Monday, Debtember 28, 2020
Yet more adventures in profiling
While I'm now satisfied with the memory usaage, I'm starting to watching the CPU utilization and noticed with some dismay that it's quite high (even with the new HTML parser being faster overall). I started an instance a day ago (the 27TH), and it already has accumulated 27 minutes, 35 seconds of CPU time. As a contrast, the web server has only accumulated 37 seconds of CPU time since the 25TH.
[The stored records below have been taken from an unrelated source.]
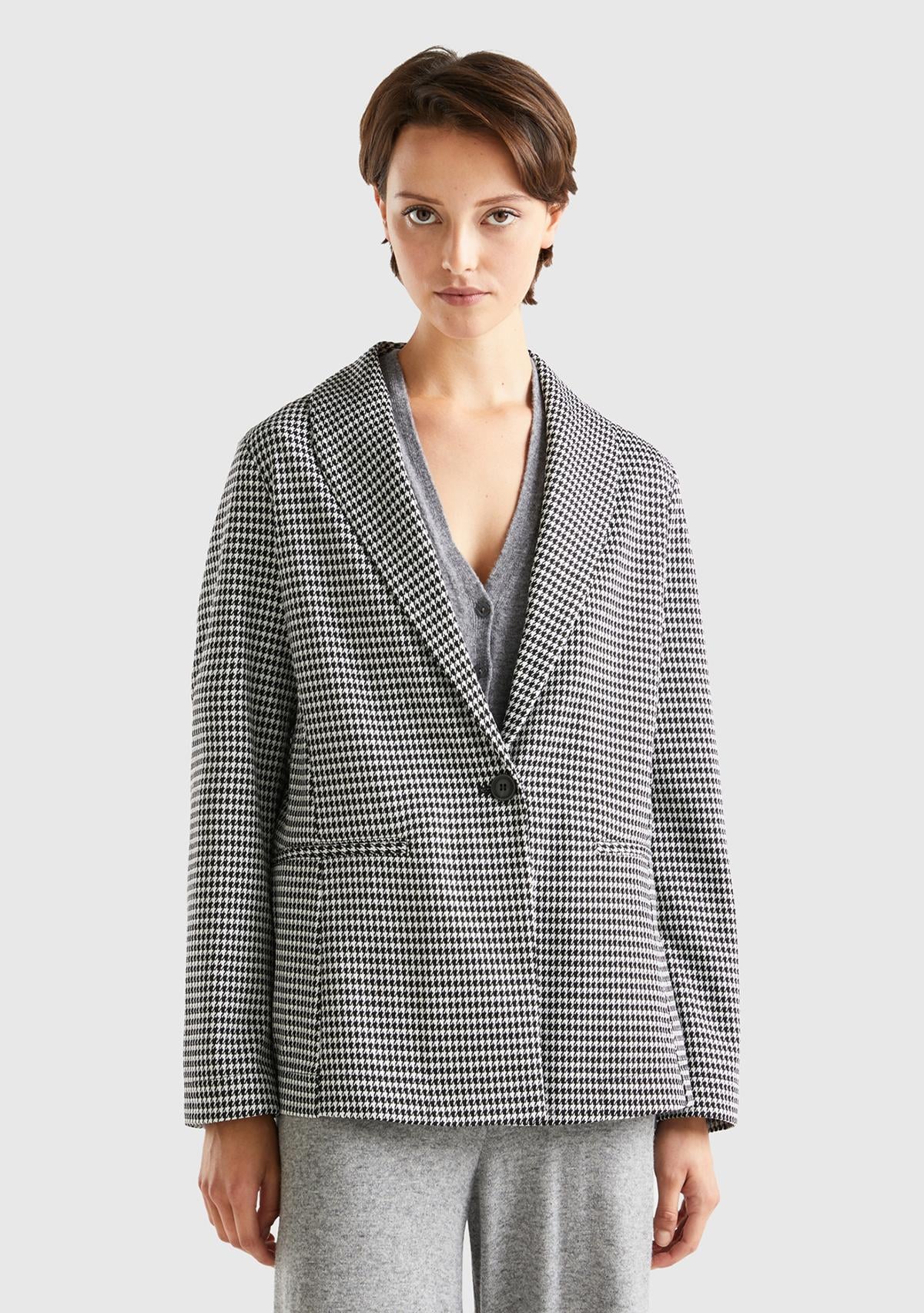 Kadın Siyah-Beyaz Kazayağı Desenli Ceket
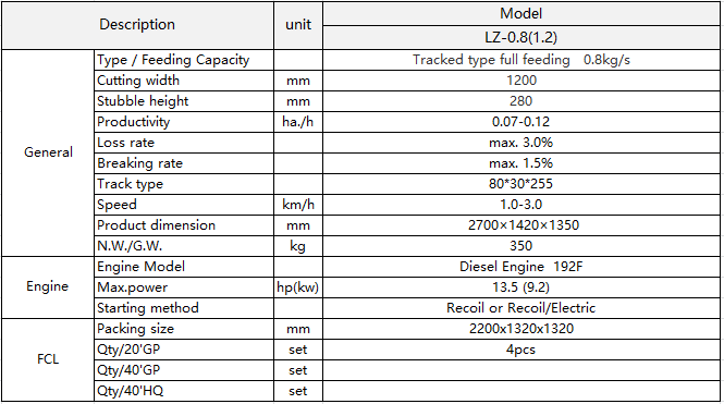 The mini track riding type self-propelled combine harvester is specially suitable for hills and narrow area with its special structure and stable quality. The machine is operated easily and its working efficiency is high.
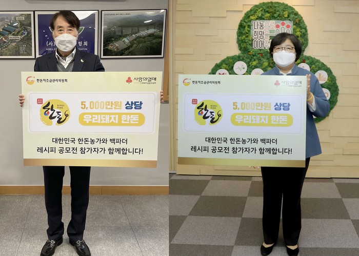 한돈자조금관리위원회(이하 한돈자조금)는 23일 사랑의열매에 한돈을 전달하며 ‘한돈X백파더 돼지고기 레시피 공모전’ 기부 공약을 이행했다.
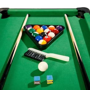 Mini mesa de bilhar sinuca Em tamanho mais compacto e reduzido, porém com a mesma funcionalidade, a Mini Mesa de Sinuca é ideal para quem quer se divertir em qualquer lugar. Ótima para levar para a praia e para viagens de descanso, ou ainda para presentear. Divirta-se com esta maravilha Chame os amigos e comece a brincadeira. O jogo de sinuca é super divertido e você pode jogar com toda a turma. Possui tacos com pontas emborrachadas. Uma brincadeira divertida que vai entreter, divertir e animar adultos e crianças. Entre nessa disputa e mostre quem é o grande vencedor de Sinuca. Desenvolvido com matéria resistente, a mesa possui estrutura em MDF, tecido veludo, tacos em madeira e acabamentos em borracha. As bolas são de resina e triângulo em polipropileno. Com a mesa esta Mini Mesa de Sinuca a diversão está garantida, convide os amigos e divirta-se durante seus momentos de lazer. Características - Mini Mesa de Sinuca - Tamanho reduzido, ideal para você jogar uma partida em qualquer lugar - Muito divertido para crianças e adultos - Tacos com pontas emborrachadas - Leve para qualquer lugar, basta colocar sobre uma superfície plana e aproveitar o jogo Acompanha 01 Escova para limpeza 15 Bolas Coloridas 01 Bola Branca 02 Tacos 01 Mesa de Sinuca 01 Triângulo 01 Giz Dimensões: Tamanho da Mesa Cx Ax L 51 cm x 9 cm x 31 cm Tamanho do Taco : 48 cm Imagem meramente ilustrativa produto é isento do registro do INMETRO 3 meses de contra defeito de fabricação.
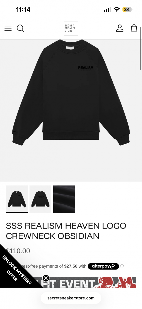 한두번 입은 Realism crewneck 팝니다.
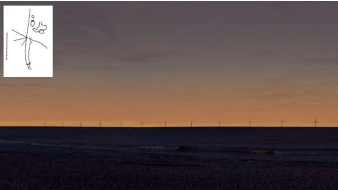 Men de bliver stadigvæk tydelige fra kysten. For når den ene vinge strækker sig mod himlen, vil spidsen være 193 meter over havoverfladen. Og når mørket falder på, vil du også kunne se de røde lys på vindmøllehovedet, der skal advare fly.

That's a large difference.
The server in question is written in Lua. I have another server written in Lua, and it has only accumulated 1 minute, 26 seconds since the 25TH.
There are two differences that might account for the discrepancy:
- one gets more requests than the other;
- one uses TLS, the other doesn't.
But to be sure, I need a controlled experiment. Since both servers basically do the same thing (mainly, serve up this blog via gopher and Gemini, and convert the HTML to text formats, thus the need for an HTML parser) it was easy enough generate a list of comparable requests for both, and profile the execution.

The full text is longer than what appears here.